Here is what actually happens. A remediation agent detects elevated latency on a microservice. Its training says: restart the cluster. The action is technically correct given the narrow context it was given. But the agent does not know three things.

Three other services are handling peak traffic. The shared connection pool is at 87% utilization. A dependent database is running a background index rebuild.

The restart fires. The recovering service gets hit by a thundering herd from everything downstream.
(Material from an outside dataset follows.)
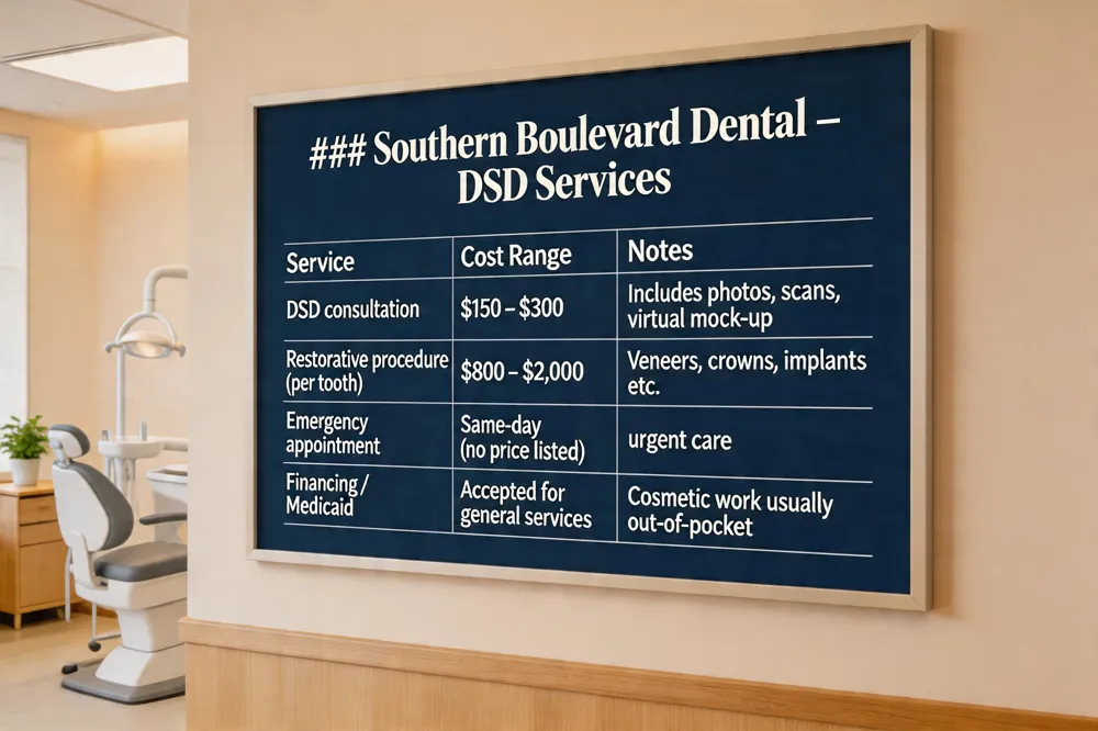 DSD consultation at Southern Boulevard Dental costs $150 – $300; prices depend on cosmetic procedures—porcelain veneers, crowns or implants—ranging $800 – $2000 per tooth. Insurance usually does not cover cosmetic work, so out‑of‑pocket expense is amount. Our team will provide an estimate after DSD appointment so you know what to expect.

The cascade takes out the full stack.

The postmortem gets filed under “service restart” or “connection pool exhaustion.” The agent is never named. It was just doing its job.

Every autonomous action is a chaos event

Mature chaos engineering programs rely on a human making a judgment call before any experiment. Someone checks the dashboards, the error budget burn rate, the dependency stability. Only then do they pull the trigger.

When you introduce an autonomous remediation agent, that question disappears. The agent sees an anomaly. The agent takes an action. The action is a chaos event.

Nobody planned for it. Nobody calculated the blast radius. Nobody checked whether the system could absorb the stress.

Reported AI-related incidents rose 21% from 2024 to 2025. That number is almost certainly understated, because agents are not classified as the initiating cause in most incident databases. The failures are real. The attribution is wrong.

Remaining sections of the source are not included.